The TxDOT website provides more details on .
Although TxDOT is working to improve the safety and condition of U.S. 285 and other routes vital to the Permian’s oil and gas sector, Powell points out that individual driver behavior goes a long way in promoting safety. In fact, citing a Texas Department of Public Safety statistic, he said that more than 95 percent of all crashes are preventable.
“Speeding, distracted driving and a lack of seat belt use are all key concerns,” said Powell. “Other crash causes are passing in no-passing lanes, driving on the shoulder, driving under the influence and failure to yield.
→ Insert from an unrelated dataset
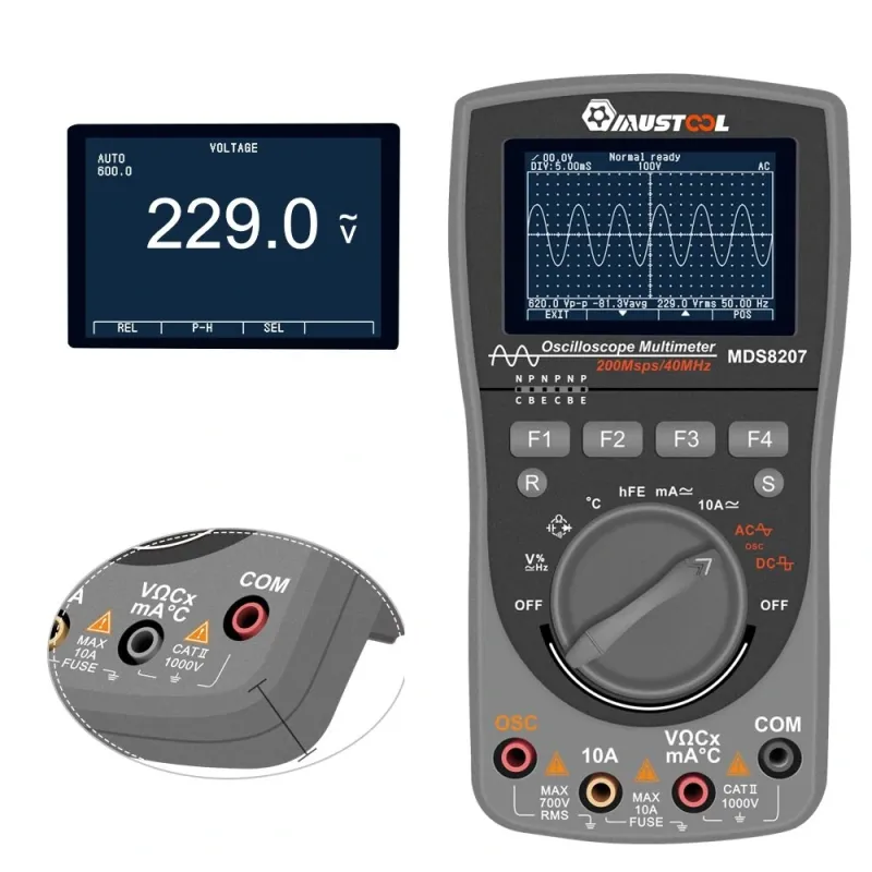 MUSTOOL MDS8207 Intelligent 2 in 1 Digital 40MHz 200Msps/S Oscilloscope 6000 Counts True RMS Multimeter

Drivers need to drive to current conditions.”
Encouraging News, But More Is Needed
The projects on U.S. 285 and other routes are welcome news for the region’s oilfield services sector but – for now – are making it even more challenging for transportation firms to serve customers, said Witherspoon.
“We are encouraged that action is taking place to get the route in better condition,” Witherspoon noted. “However, the construction has temporarily exacerbated the problem by increasing congestion and causing major delays on the road.”
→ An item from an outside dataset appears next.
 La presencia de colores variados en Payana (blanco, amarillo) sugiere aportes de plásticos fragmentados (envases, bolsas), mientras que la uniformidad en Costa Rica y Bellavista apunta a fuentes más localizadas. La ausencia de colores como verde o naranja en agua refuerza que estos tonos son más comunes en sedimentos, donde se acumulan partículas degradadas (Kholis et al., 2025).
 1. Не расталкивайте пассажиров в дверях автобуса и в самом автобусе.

In addition, Witherspoon said that an 11-foot-wide lane restriction on 285 is forcing his BOP Blow Out Preventer repair company gulf coast to modify its business plan because it moves oversized loads on a daily basis.
“We are forced to find alternate routes, whether on dirt roads and/or county roads, to get to our destination,” Witherspoon explained. “These alternate routes increase the time and distance to move a rig, so what started out as a short routine move could easily creep into a long-distance rig moves, having substantial impact on the cost associated with the rig moves.”